Reproduce the lines of the material exactly, excluding every image.

DATASET EXTRACT
• • •

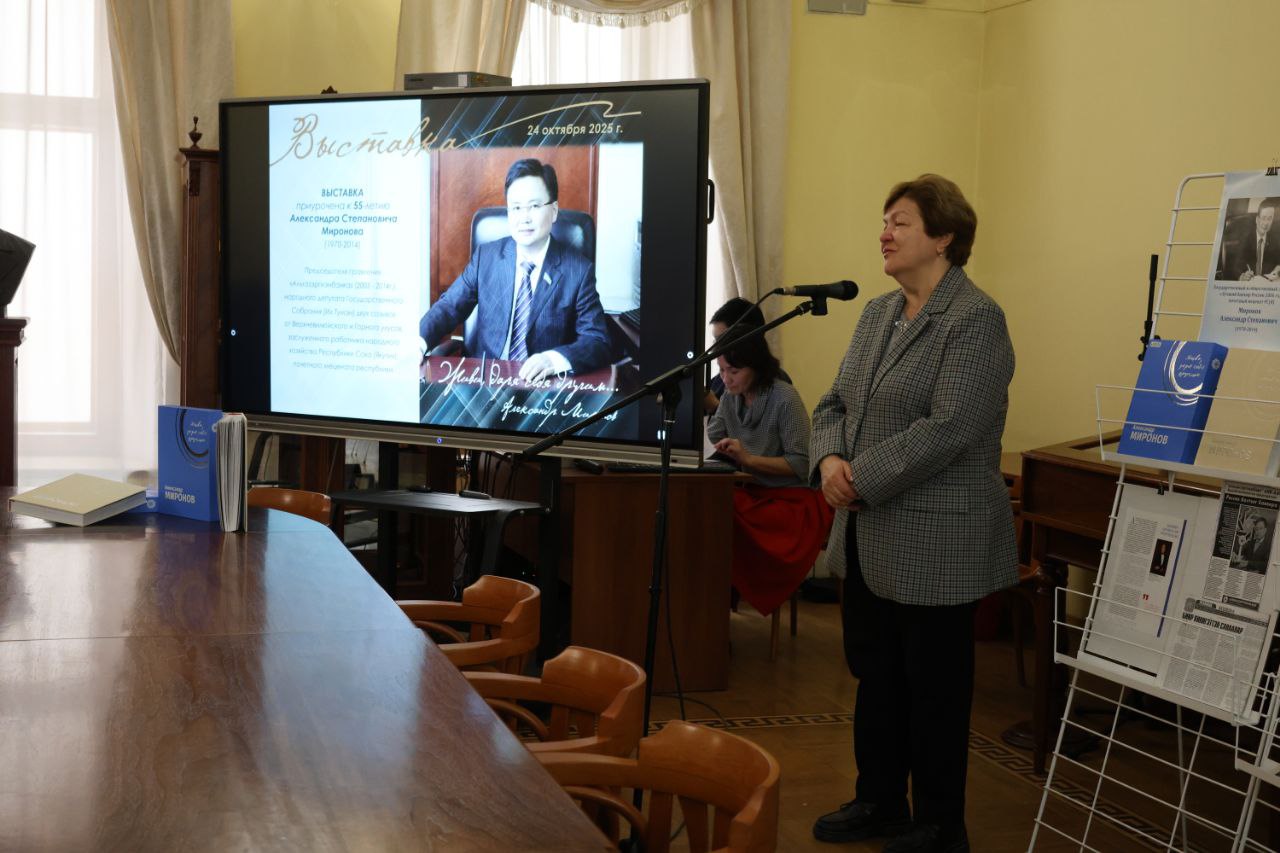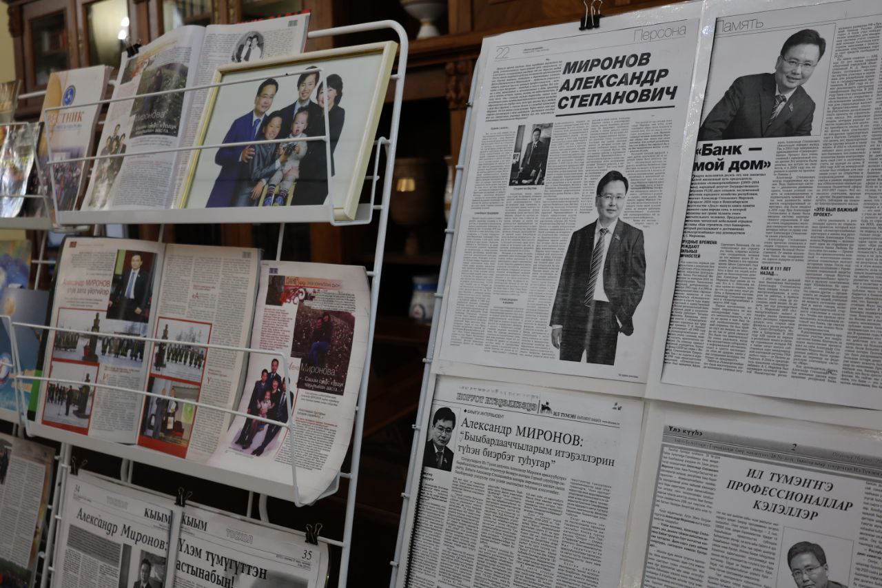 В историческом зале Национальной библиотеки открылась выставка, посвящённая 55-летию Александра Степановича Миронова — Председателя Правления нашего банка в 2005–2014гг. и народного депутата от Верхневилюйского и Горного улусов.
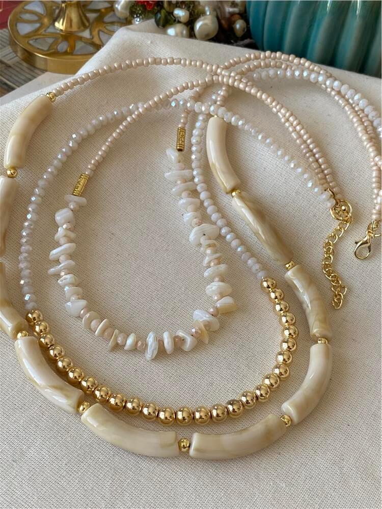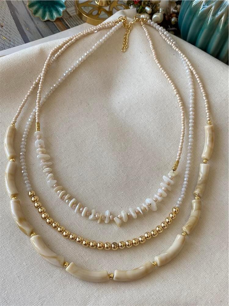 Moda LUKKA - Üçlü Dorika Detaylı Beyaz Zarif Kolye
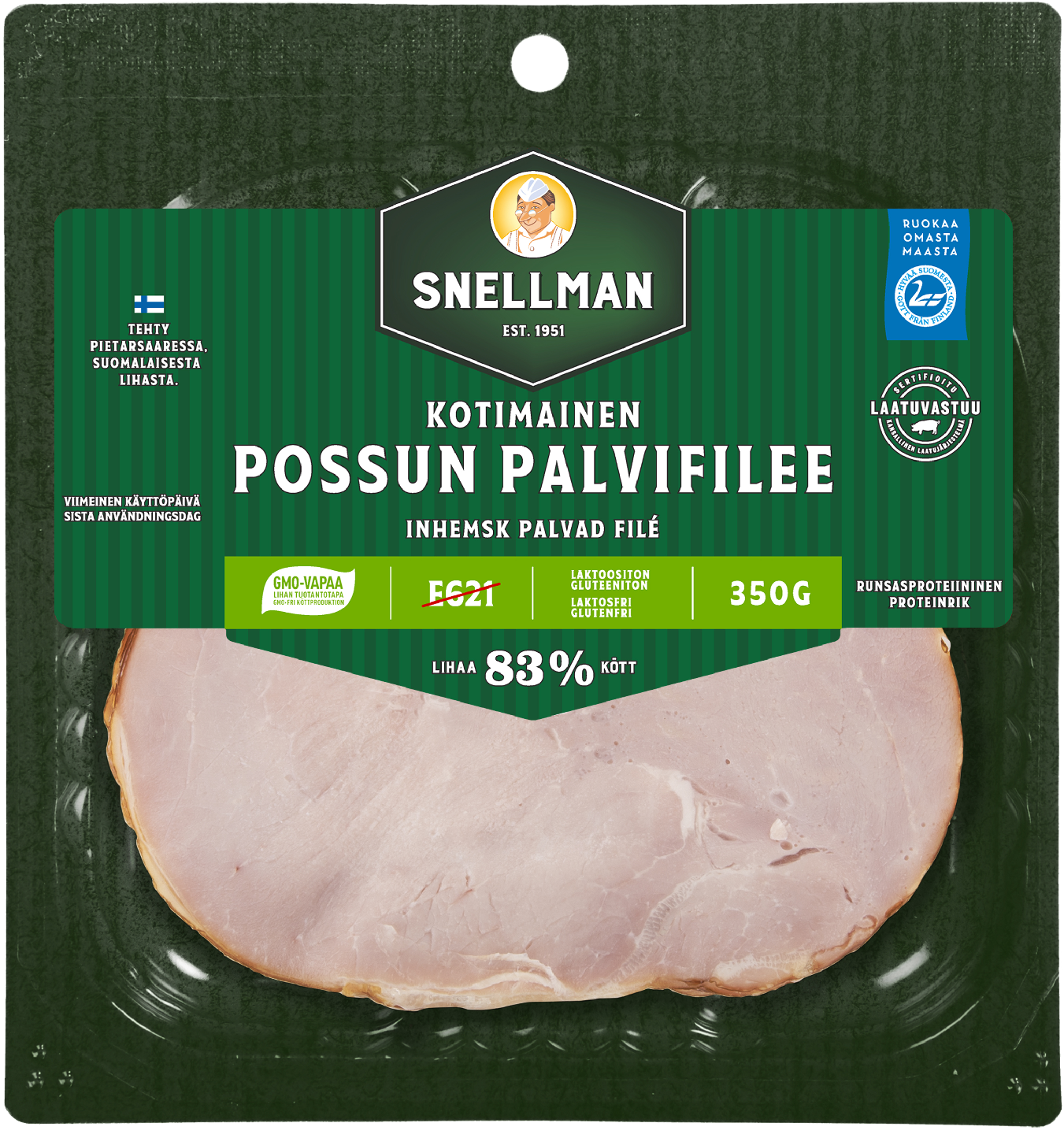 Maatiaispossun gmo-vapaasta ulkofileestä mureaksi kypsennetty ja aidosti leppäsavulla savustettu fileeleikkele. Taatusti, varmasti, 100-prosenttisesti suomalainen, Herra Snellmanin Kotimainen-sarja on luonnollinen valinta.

• • •

REPLY TO THE TASK
 В историческом зале Национальной библиотеки открылась выставка, посвящённая 55-летию Александра Степановича Миронова — Председателя Правления нашего банка в 2005–2014гг. и народного депутата от Верхневилюйского и Горного улусов.
 Moda LUKKA - Üçlü Dorika Detaylı Beyaz Zarif Kolye
 Maatiaispossun gmo-vapaasta ulkofileestä mureaksi kypsennetty ja aidosti leppäsavulla savustettu fileeleikkele. Taatusti, varmasti, 100-prosenttisesti suomalainen, Herra Snellmanin Kotimainen-sarja on luonnollinen valinta.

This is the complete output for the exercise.